Work item » I would like the lines below, from the one with "3月13日,由雅安职业技术学" through the one with "Термогравиметрический анализ (ТГА)", copied exactly and without any pictures.

Supplied data »

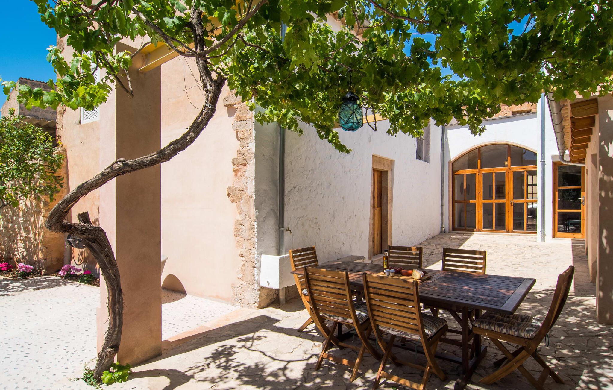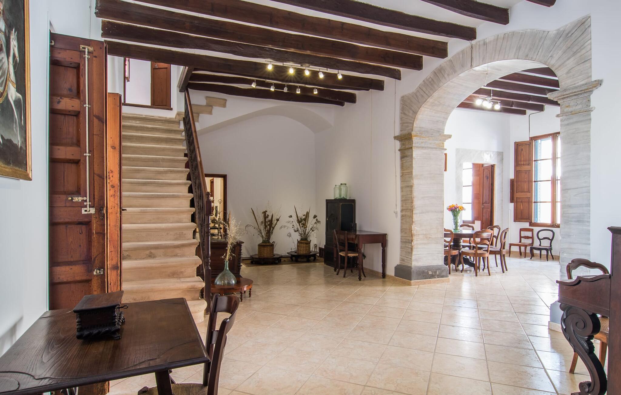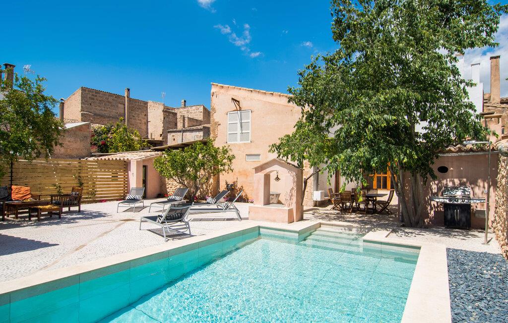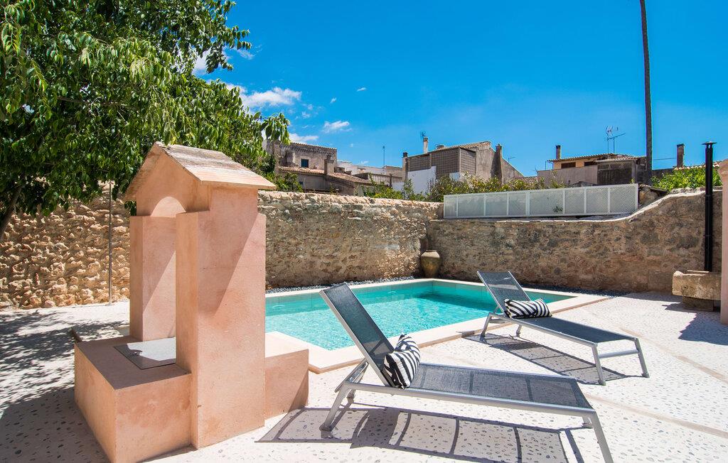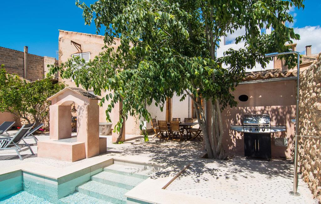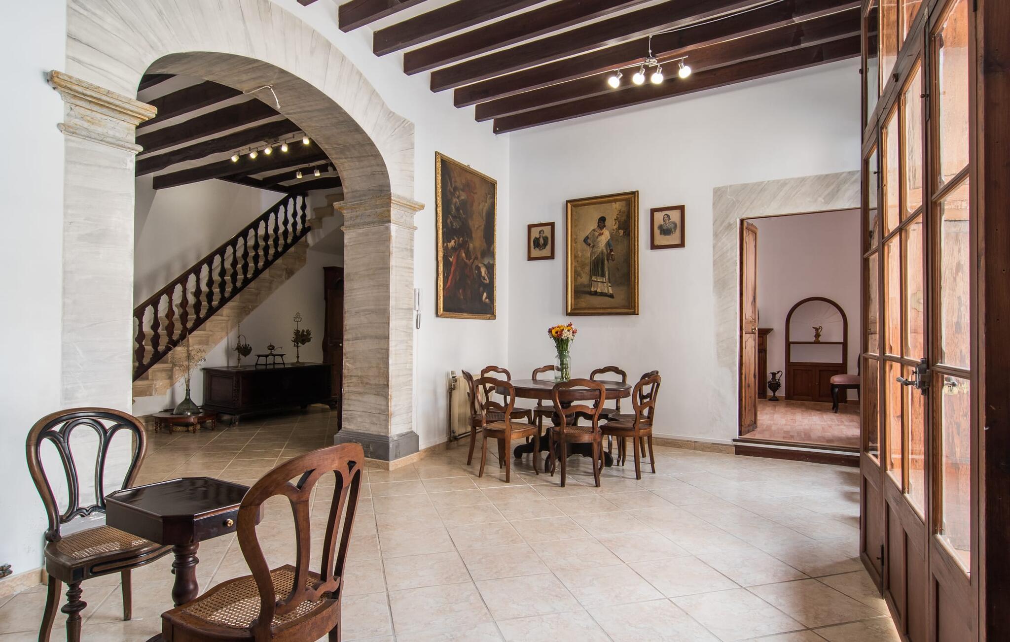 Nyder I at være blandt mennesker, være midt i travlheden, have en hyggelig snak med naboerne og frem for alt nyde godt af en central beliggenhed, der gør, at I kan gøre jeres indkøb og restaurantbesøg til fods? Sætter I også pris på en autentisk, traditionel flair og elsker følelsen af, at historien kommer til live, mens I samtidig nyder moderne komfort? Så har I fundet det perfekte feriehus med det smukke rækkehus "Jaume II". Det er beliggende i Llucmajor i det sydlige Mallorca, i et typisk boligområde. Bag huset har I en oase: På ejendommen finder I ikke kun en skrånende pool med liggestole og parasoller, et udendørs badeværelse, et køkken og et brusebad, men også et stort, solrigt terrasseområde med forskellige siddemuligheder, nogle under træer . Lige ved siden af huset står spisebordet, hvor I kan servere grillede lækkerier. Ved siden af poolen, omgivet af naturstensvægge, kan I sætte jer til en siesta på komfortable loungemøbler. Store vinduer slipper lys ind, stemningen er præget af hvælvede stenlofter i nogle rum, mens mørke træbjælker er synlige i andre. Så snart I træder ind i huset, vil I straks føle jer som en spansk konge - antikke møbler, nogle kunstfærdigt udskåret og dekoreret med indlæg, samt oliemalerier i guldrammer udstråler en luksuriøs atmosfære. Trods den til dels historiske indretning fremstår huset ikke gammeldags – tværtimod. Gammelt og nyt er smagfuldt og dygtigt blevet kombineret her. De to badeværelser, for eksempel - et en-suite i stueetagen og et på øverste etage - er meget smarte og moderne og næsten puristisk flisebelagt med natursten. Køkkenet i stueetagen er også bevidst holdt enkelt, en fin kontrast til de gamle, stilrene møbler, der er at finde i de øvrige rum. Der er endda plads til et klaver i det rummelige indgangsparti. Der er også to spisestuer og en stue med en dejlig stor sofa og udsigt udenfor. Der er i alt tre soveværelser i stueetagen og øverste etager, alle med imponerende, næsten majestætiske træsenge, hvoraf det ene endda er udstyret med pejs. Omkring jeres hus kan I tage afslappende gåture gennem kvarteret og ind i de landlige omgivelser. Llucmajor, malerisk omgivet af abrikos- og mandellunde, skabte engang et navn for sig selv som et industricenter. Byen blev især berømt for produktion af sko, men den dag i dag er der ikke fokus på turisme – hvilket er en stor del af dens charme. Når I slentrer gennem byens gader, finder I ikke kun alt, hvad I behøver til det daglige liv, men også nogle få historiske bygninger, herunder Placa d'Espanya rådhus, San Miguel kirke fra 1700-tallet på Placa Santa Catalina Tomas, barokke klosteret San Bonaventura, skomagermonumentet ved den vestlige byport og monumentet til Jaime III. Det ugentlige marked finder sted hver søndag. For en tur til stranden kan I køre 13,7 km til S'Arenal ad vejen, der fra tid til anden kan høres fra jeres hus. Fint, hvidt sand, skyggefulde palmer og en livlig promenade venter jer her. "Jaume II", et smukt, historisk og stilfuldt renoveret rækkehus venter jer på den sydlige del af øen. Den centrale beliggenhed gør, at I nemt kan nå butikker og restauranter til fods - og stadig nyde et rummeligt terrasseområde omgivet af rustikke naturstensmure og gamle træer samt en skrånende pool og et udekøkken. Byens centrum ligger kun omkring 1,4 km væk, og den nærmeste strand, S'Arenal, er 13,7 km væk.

---

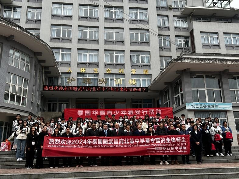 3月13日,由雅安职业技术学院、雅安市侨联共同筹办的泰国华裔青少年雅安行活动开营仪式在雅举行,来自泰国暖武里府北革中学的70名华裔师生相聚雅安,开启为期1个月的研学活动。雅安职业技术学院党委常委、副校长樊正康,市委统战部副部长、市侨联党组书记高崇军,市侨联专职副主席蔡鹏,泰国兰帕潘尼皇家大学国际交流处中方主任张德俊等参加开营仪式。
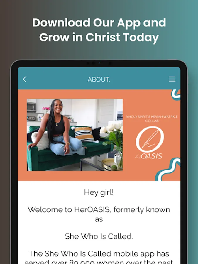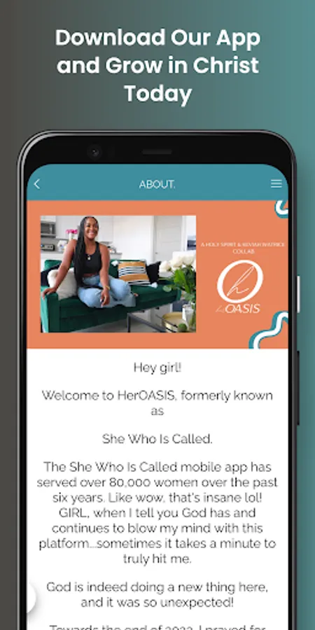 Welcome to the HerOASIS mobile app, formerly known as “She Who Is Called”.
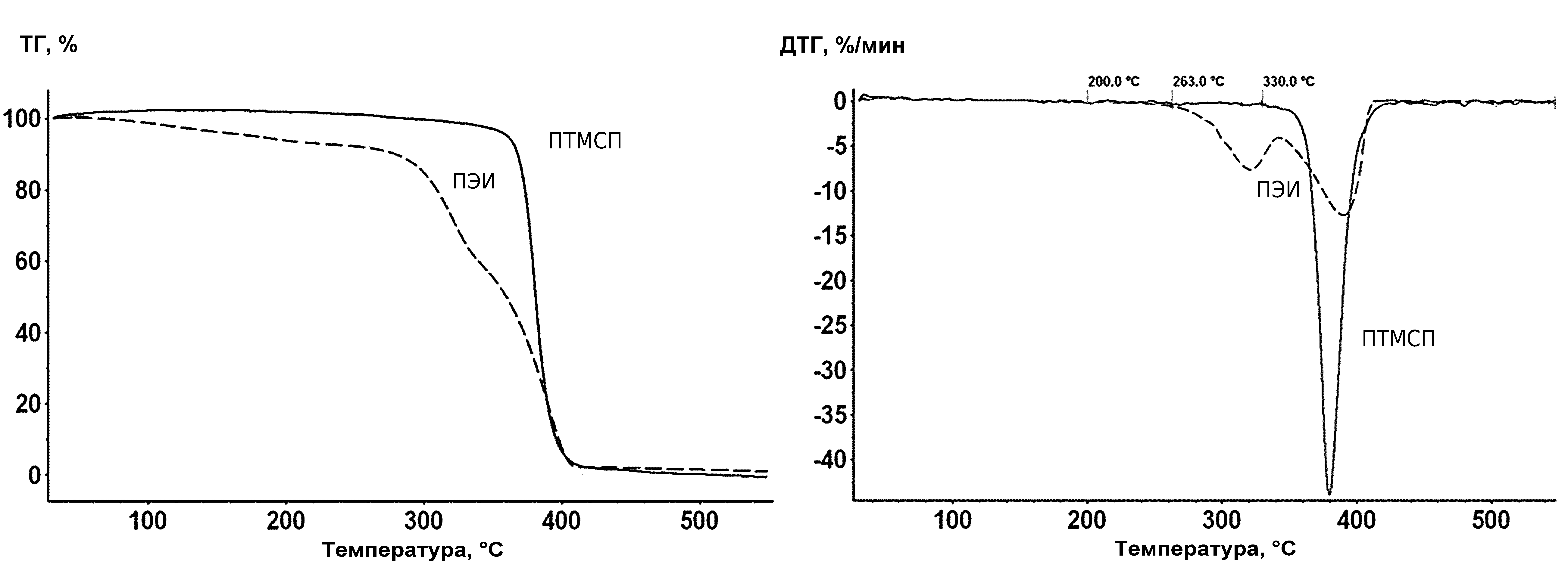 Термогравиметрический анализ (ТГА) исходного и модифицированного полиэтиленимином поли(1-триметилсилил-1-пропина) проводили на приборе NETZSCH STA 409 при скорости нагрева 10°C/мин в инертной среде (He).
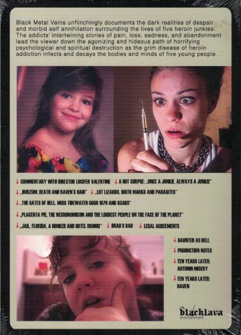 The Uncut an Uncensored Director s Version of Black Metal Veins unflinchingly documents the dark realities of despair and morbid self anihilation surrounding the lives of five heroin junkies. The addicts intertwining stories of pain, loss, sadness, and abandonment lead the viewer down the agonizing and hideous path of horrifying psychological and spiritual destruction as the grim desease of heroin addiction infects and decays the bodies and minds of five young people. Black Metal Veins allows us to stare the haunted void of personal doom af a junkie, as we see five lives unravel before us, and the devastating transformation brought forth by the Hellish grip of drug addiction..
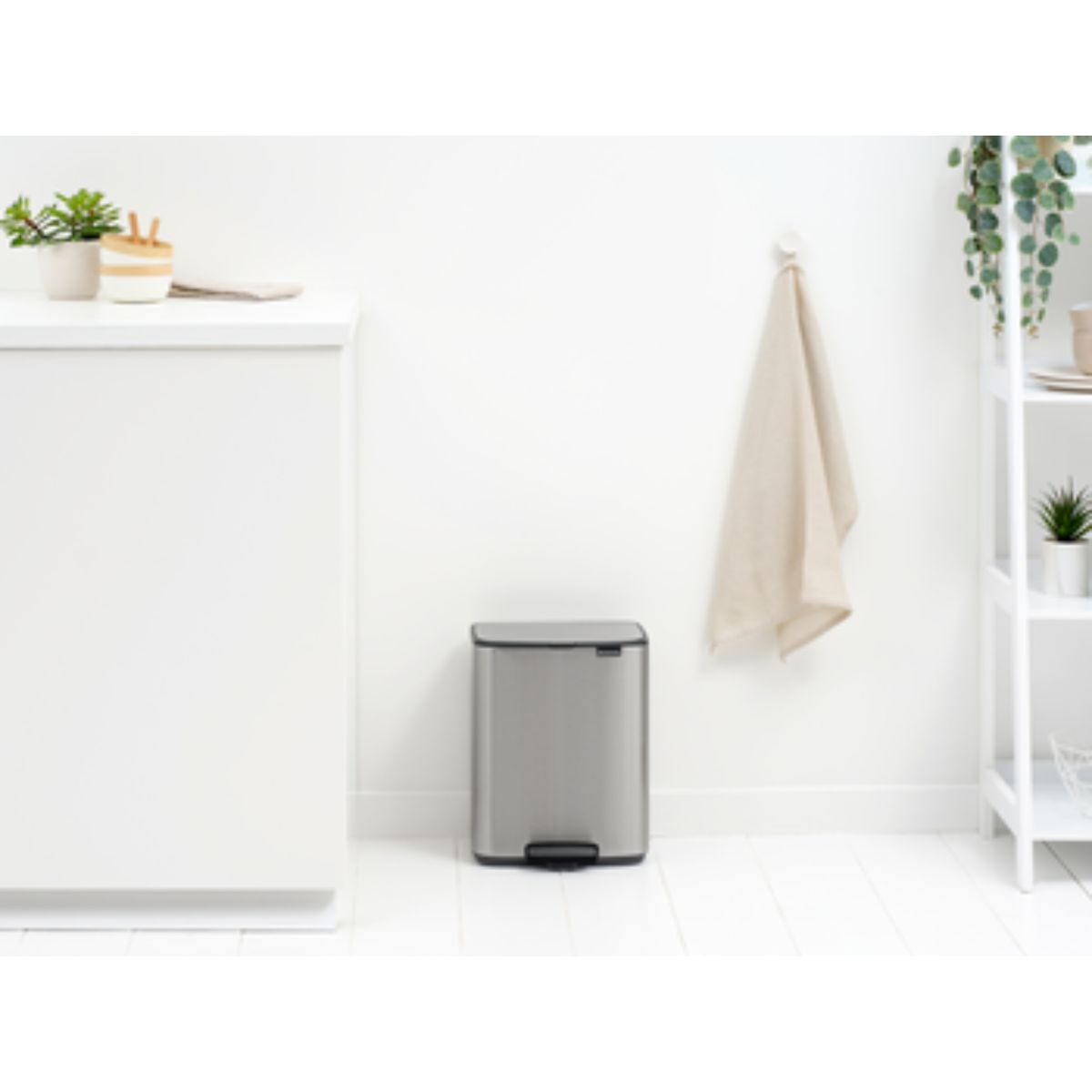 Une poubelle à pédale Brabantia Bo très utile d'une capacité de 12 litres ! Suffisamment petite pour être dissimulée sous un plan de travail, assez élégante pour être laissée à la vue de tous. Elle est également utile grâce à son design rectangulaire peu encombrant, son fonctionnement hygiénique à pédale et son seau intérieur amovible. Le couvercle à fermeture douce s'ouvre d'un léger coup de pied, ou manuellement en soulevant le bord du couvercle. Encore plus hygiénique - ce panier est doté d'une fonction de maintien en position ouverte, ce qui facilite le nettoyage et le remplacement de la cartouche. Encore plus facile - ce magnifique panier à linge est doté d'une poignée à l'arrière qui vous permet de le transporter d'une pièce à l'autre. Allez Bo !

Completed exercise »
 3月13日,由雅安职业技术学院、雅安市侨联共同筹办的泰国华裔青少年雅安行活动开营仪式在雅举行,来自泰国暖武里府北革中学的70名华裔师生相聚雅安,开启为期1个月的研学活动。雅安职业技术学院党委常委、副校长樊正康,市委统战部副部长、市侨联党组书记高崇军,市侨联专职副主席蔡鹏,泰国兰帕潘尼皇家大学国际交流处中方主任张德俊等参加开营仪式。
 Welcome to the HerOASIS mobile app, formerly known as “She Who Is Called”.
 Термогравиметрический анализ (ТГА) исходного и модифицированного полиэтиленимином поли(1-триметилсилил-1-пропина) проводили на приборе NETZSCH STA 409 при скорости нагрева 10°C/мин в инертной среде (He).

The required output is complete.